On any project, when picking tools, you have to pick your fights. Do I want to expend energy getting someone to write a cheque for ReSharper for every developer, or for TypeMock? Do I want to expend energy getting agreement to use Windsor and IoC in our code base, or argue why we need to pay for TypeMock? Do I want to get agreement on NUnit over MSTest, or spend that time arguing that investment in TypeMock will pay off?
Fundamentally, a mocking framework is a very small and insignificant factor in the overall project success or failure, or even of the day to day working practices. Most other tools come as a higher priority in the decision making chain. And as such I find it hard to use (my valuable) time preparing business justifications for a tool like TypeMock, knowing full well that when asked why Rhino or Moq are not adequate for the task, that I will also be struggling for a good technical reason too.

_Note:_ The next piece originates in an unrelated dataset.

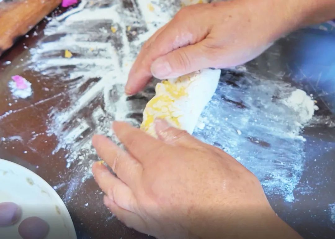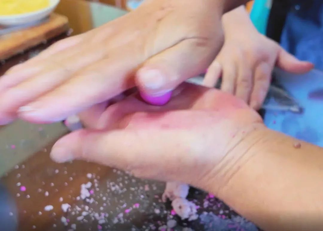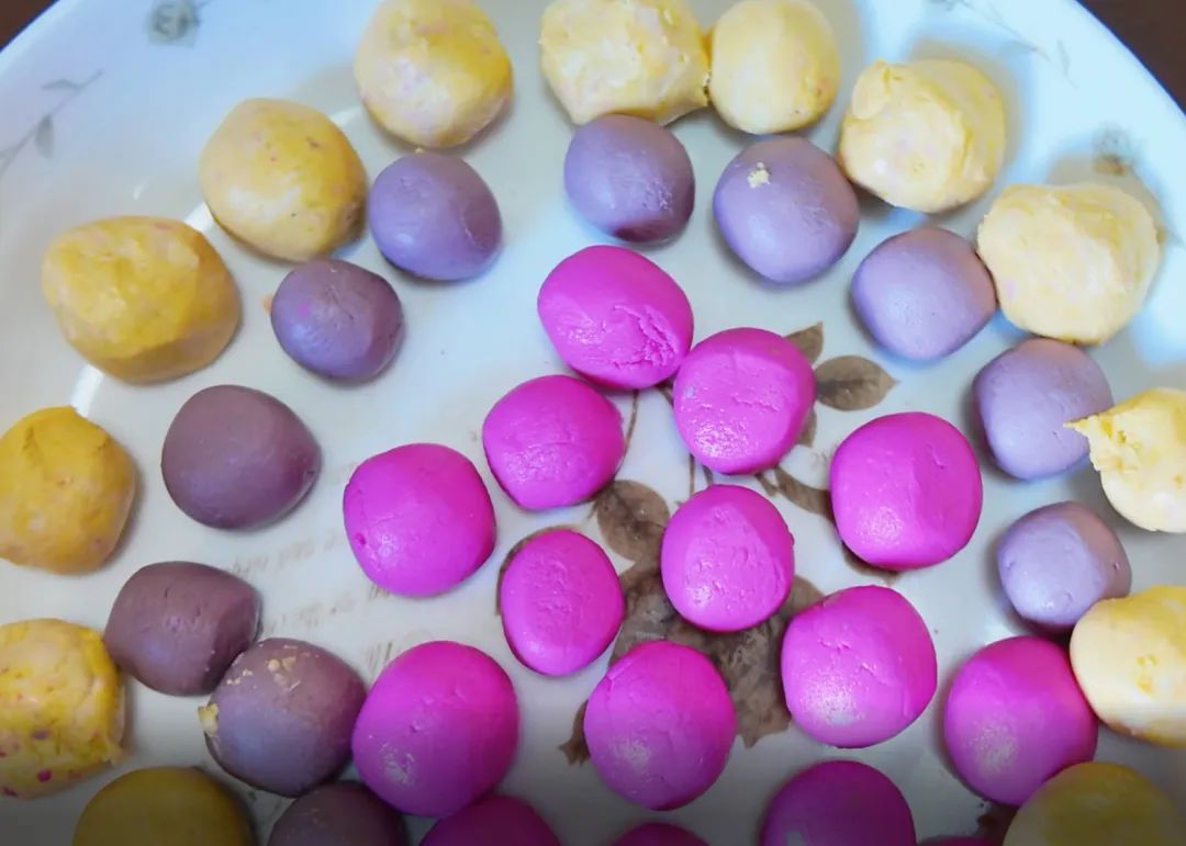 軟糯的圓子呈現(xiàn)出三種顏色相互交織的美妙景象。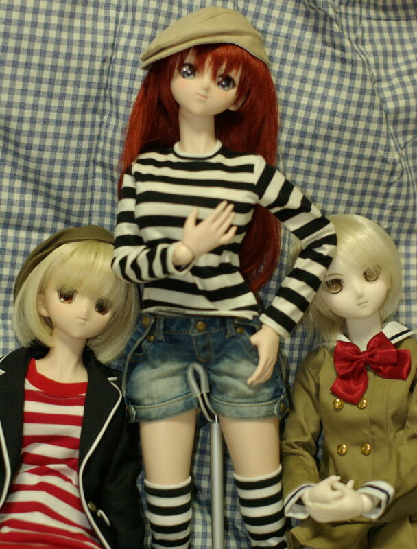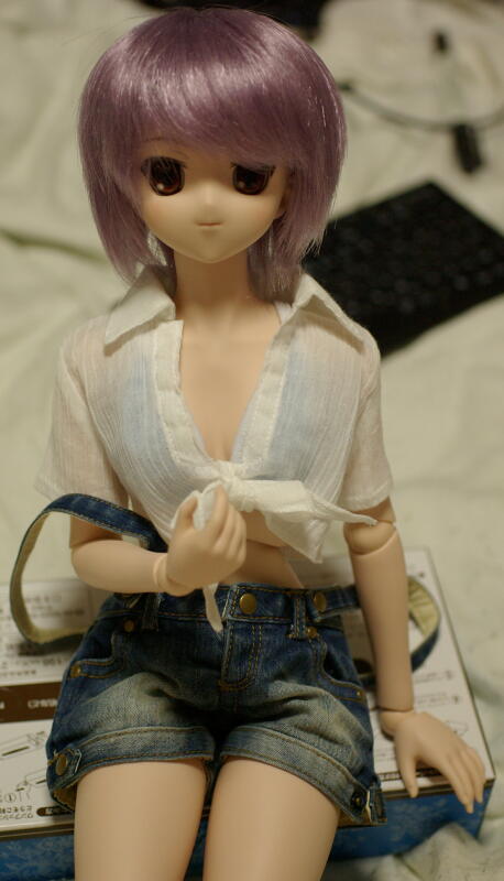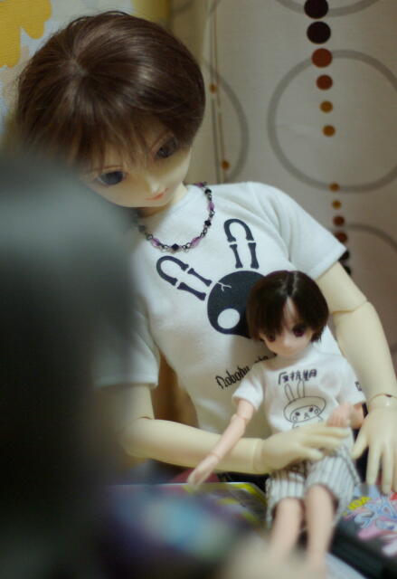 前々から、「男子SDだったら、凌(ピュアスキンバージョン)だよなあ」と思っていたので、かなりびっくり。 背中を押してくれたたけもとさんに感謝ですな。 ちょっと写真の腕がいまいちなので、あまり可愛らしく撮れませんでしたが…… 本物は、想像通り(以上に?)可愛いです。 ずっと、「とらいあんぐるハートの相川真一郎は、きっと凌のように女の子にも見えてしまう少年なんだろうなあ」と思っていたのですが、やはり実物も真一郎に見えるので、今のところ名前は「真一郎(仮名)」で。 しかし、SDサイズがうちに来るのは初めてなので、洋服も無ければ靴も無い、ウィッグも無いというナイナイづくし。 ドルパ21でだいぶ着替えも揃えてきたので、やっとワードローブも揃ってきました。 しばらくの間、女の子向けのショーツにワイシャツという、ある意味危ない恰好だったしなあ……(笑) 今きているのは、たけもとさんから「お迎え祝いに」と頂いてしまった、VジーンズとTシャツ。 こういう普段着っぽい服が欲しかったので、本当に大助かりです。 このまま、真一郎(仮)のまま定着してしまいそうだなあ……(笑)

So Where Does That Put TypeMock?
So, my conclusion is, that unless I have a legacy system to mock (put your favourite MS enterprise product in here), I would be very hard pressed to choose TypeMock as my mocking framework. Where I did have a legacy system to mock, I would be hard pressed to justify why we do not just buy a single TypeMock licence for our continuous integration server and treat tests against the legacy system as integration tests using TypeMock, and use another framework like Rhino for the tests that developers would be writing on a daily basis.
So, how can TypeMock make itself more attractive and viable? A very good, and rhetorical, question. Dropping the cost significantly may help, but presumably they have a reasonable number of customers willing to pay that price, or they wouldn't be in business, and I am thinking of a more reasonable price being in the 30-50 euro range, the level at which cost becomes insignificant as a decision point, but presumably this is just not an option. TestDriven.Net is around 130 euros, and bang-for-buck is far ahead of TypeMock in the value game.
And still ... I wouldn't want inexperienced developers wielding TypeMock at their code - I would prefer they stopped, thought and figured out why they can't write their test without it. When they figured it out, then they can ignore good principles from a position of strength.